Under the Conservatives' Tougher Penalties for Child Predators Act, to be introduced in Parliament this fall, convicted sex offenders and their parole and probation officers must notify police of any international travel plans.
Police would inform Canadian border guards who would then - "where appropriate" - alert destination countries that a dangerous offender is coming their way. "Gaps in information sharing between government agencies are hampering our ability to monitor and catch child predators, especially those who victimize children beyond our border," Harper said at a news conference at YVR's south terminal Monday morning.

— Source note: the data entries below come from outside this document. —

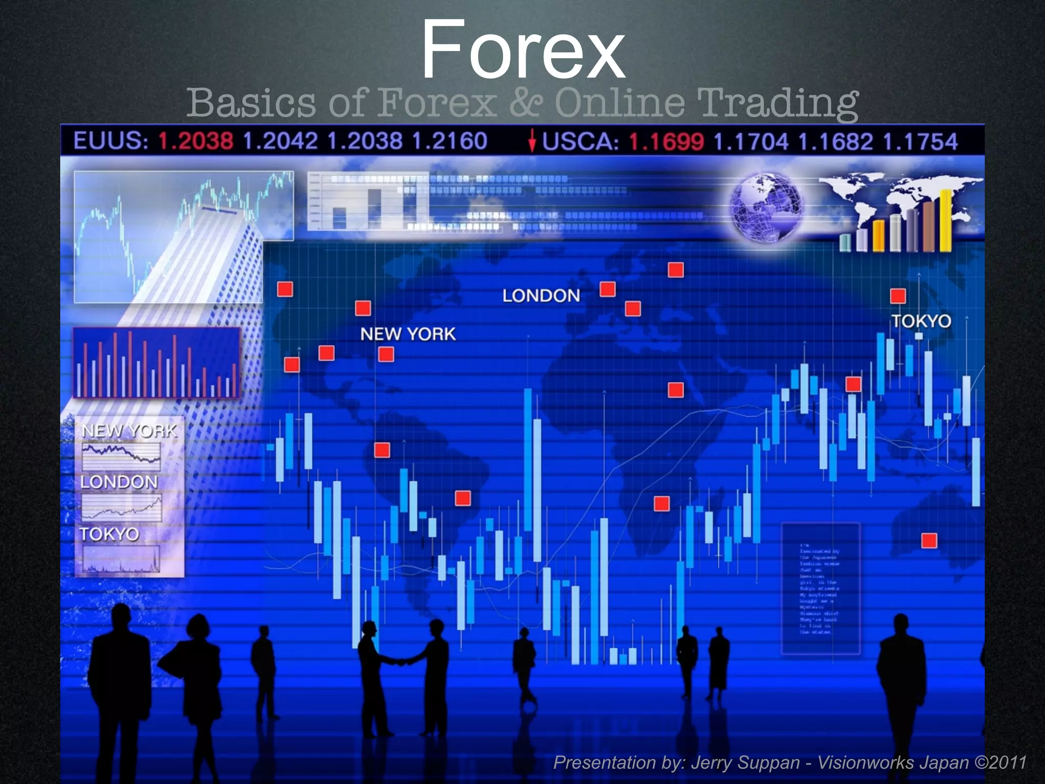 The document provides an overview of forex trading, including: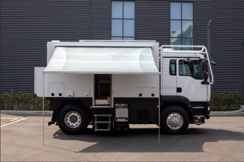 · 外部设有遮阳棚、外置储物空间、电动踏步、室外厨房等设施;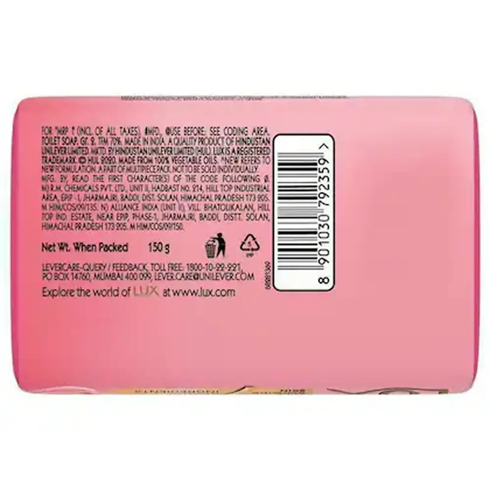 Lux Rose & Vitamin E Soft Glowing Skin Soap Bar adds a touch of glow to your skin and leaves it beautifully fragrant. Infused with 7 beauty ingredients, combining essence of aromatic French Rose known for its soothing and beauty enhancing benefits, and with Vitamin E know to moisturize and nourish skin, this bar leaves your skin soft, smooth and glowing. This soap for bathing, not only effectively removes dust and sweat on your skin, but also leaves it feeling gently cleansed. So what are you waiting for? Buy the product online at the best rate, right here!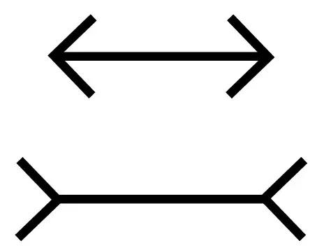 我们以为数学测试、单词测试、法语测试、音乐测试是不一样的测试,因为有些是跟单词有关,有些跟数字有关,一些跟声音有关。但心理学和所有科学一样,都是要在相似中找不同,在不同中找相似。如果心理学家被迫参战,那我们战旗的纹章可能可以考虑用著名的缪勒—莱尔错觉,两条看似长度不同但其实相同的直线:

Harper cited the case of Howard Cotterman, a registered California sex offender who was nabbed at the Mexico-U.S. border in 2007 with hundreds of images of himself molesting a young girl. He attributed Cotterman's arrest to information sharing between authorities and said, "if Cotterman were Canadian, under our current practices this might not have happened."

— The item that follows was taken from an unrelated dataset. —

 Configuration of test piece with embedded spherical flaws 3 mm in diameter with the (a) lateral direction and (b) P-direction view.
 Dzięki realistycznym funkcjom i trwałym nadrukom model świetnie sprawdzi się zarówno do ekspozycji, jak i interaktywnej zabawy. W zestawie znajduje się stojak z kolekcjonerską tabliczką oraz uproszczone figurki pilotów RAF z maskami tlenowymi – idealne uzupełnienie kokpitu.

The legislation will also create a publicly accessible, online, national database of high-risk child predators administered by the RCMP to "replace the patchwork of registries that currently exists."
But while Harper was thousands of kilometres away pitching tough-oncrime legislation to his base of supporters, NDP leader Tom Mulcair was in Ottawa for what was supposed to be the first day back for MPs following the summer break.
He suggested the announcement was an attempt to "distract" Canadians from the fact Harper prorogued Parliament for a month to delay having to answer tough questions on accountability, youth unemployment and rising household debt in the House of Commons.
Mulcair argued the place to debate legislation like this yet-to-be-tabled child predator bill is in Parliament and questioned why it has taken the government eight years to come up with a National
Sex Offender Registry Monday's announcement was made where notorious child-sex tourist Christopher Neil agreed to strict conditions on his freedom last October after returning from a five-year stint in a Thai prison for sexually assaulting young boys. The former Maple Ridge English teacher, known around the world as the man with the "swirl" face in child pornography videos distributed online, was arrested last month in Vancouver for possessing a laptop. Abbotsford's Donald Bakker, 49, was the first person convicted under Canada's sex-tourism law.
He was given a 10-year sentence in 2005 after pleading guilty to two counts of sexual assault, sexual assault causing bodily harm and seven counts of invitation to sexual touching.
Bakker's victims included three Vancouver women and seven girls aged seven to 12 in Cambodia.
Bakker served seven years, with credit for time served before his trial, and was released in June 2012 with strict conditions placed on his freedom.
About one-quarter of sex tourists abusing children outside of North America are American and Canadian, says ECPAT USA, part of a global organization devoted to eliminating child prostitution and trafficking. Documents released last year by Foreign Affairs show 73 Canadians were arrested between 2009 and 2011 in a foreign country for abusing or molesting children or possessing child pornography. That figure only accounts for people who requested consular assistance after they were detained.
Brian McConaghy, a former RCMP child predator investigator and founder of the charity Ratanak International, welcomed the changes announced Monday.
McConaghy, whose charity rescues and offers rehabilitation for children exploited in Cambodia, said Canadian predators all too often find their victims in countries without the resources to combat their crimes.